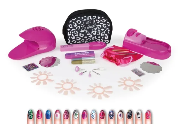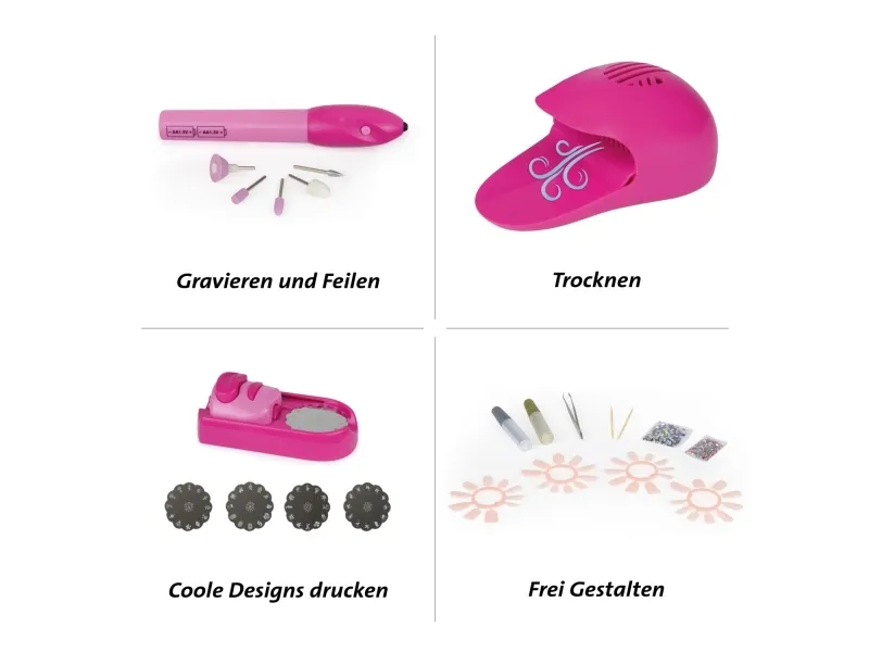 LENA® Mani-Pedi Nail Salon 4 in 1 Set bestehend aus Nagelformer mit 5 Aufsätzen, Nageldesign-Drucker mit 48 Motiven, Glitter-Nagelkopfstein, Nageltrockner und Aufbewahrungsbeutel zum Färben. 10 Designs zum freien oder nach Anleitung gestalten der Nägel Benötigt 4 x -1,5 V LR6 "AA" Batterien (nicht enthalten) Geeignet für Kinder ab 8 Jahren Detaillierte bebilderte Anleitung enthalten Verpackt in einem Lieferkarton mit Produktinformationen. Über Lena Creative Toys Lena Creative Toys wird in Europa von der deutschen Firma Simm Spielwaren entwickelt. Alle Produkte werden in hoher Qualität hergestellt und mit einer 3-Jahres-Garantie verkauft, die mindestens alle EU-Vorschriften im Bereich der Produkte für Kinder erfüllt.
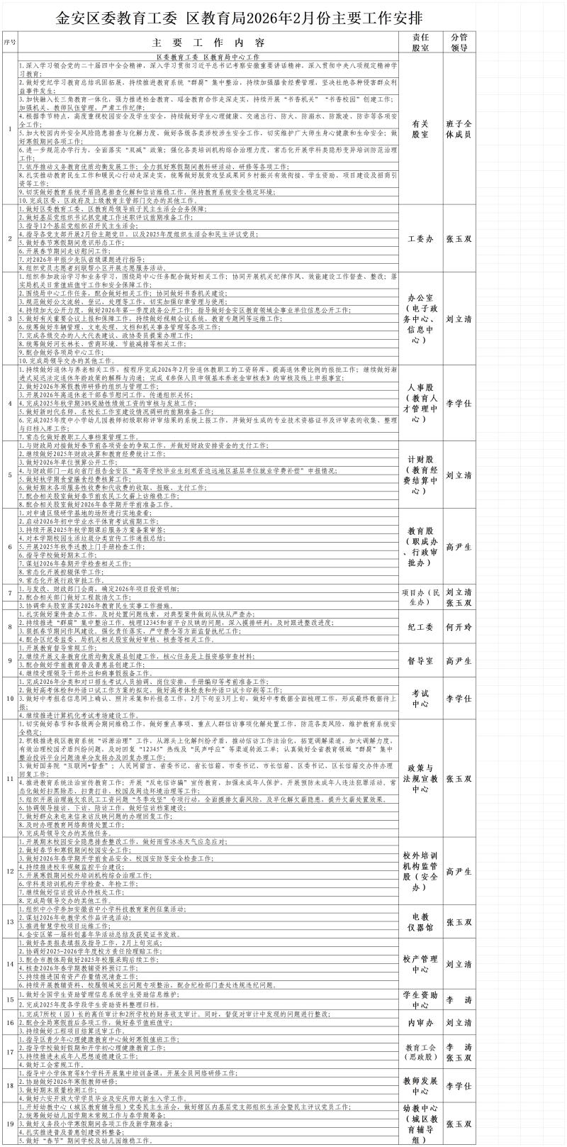 金安区委教育工委 区教育局2026年2月份主要工作安排
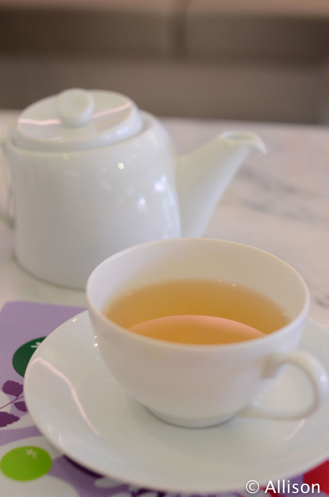 來回翻了幾次的目錄,由於名字都很特別,沒有我一慣點的名字出現,所以考慮了一會,選了一個”開心果布蕾佐熱巧克力”,單點的價格是350元,套餐的價格是400元,我選擇了套餐可再點一壺茶,這次選了蘋果什麼茶的有著很青蘋果的香味,很順口的茶。

Goal of the exercise:
Apart from its pictures, the material above should be repeated exactly.

Task response:
 LENA® Mani-Pedi Nail Salon 4 in 1 Set bestehend aus Nagelformer mit 5 Aufsätzen, Nageldesign-Drucker mit 48 Motiven, Glitter-Nagelkopfstein, Nageltrockner und Aufbewahrungsbeutel zum Färben. 10 Designs zum freien oder nach Anleitung gestalten der Nägel Benötigt 4 x -1,5 V LR6 "AA" Batterien (nicht enthalten) Geeignet für Kinder ab 8 Jahren Detaillierte bebilderte Anleitung enthalten Verpackt in einem Lieferkarton mit Produktinformationen. Über Lena Creative Toys Lena Creative Toys wird in Europa von der deutschen Firma Simm Spielwaren entwickelt. Alle Produkte werden in hoher Qualität hergestellt und mit einer 3-Jahres-Garantie verkauft, die mindestens alle EU-Vorschriften im Bereich der Produkte für Kinder erfüllt.
 金安区委教育工委 区教育局2026年2月份主要工作安排
 來回翻了幾次的目錄,由於名字都很特別,沒有我一慣點的名字出現,所以考慮了一會,選了一個”開心果布蕾佐熱巧克力”,單點的價格是350元,套餐的價格是400元,我選擇了套餐可再點一壺茶,這次選了蘋果什麼茶的有著很青蘋果的香味,很順口的茶。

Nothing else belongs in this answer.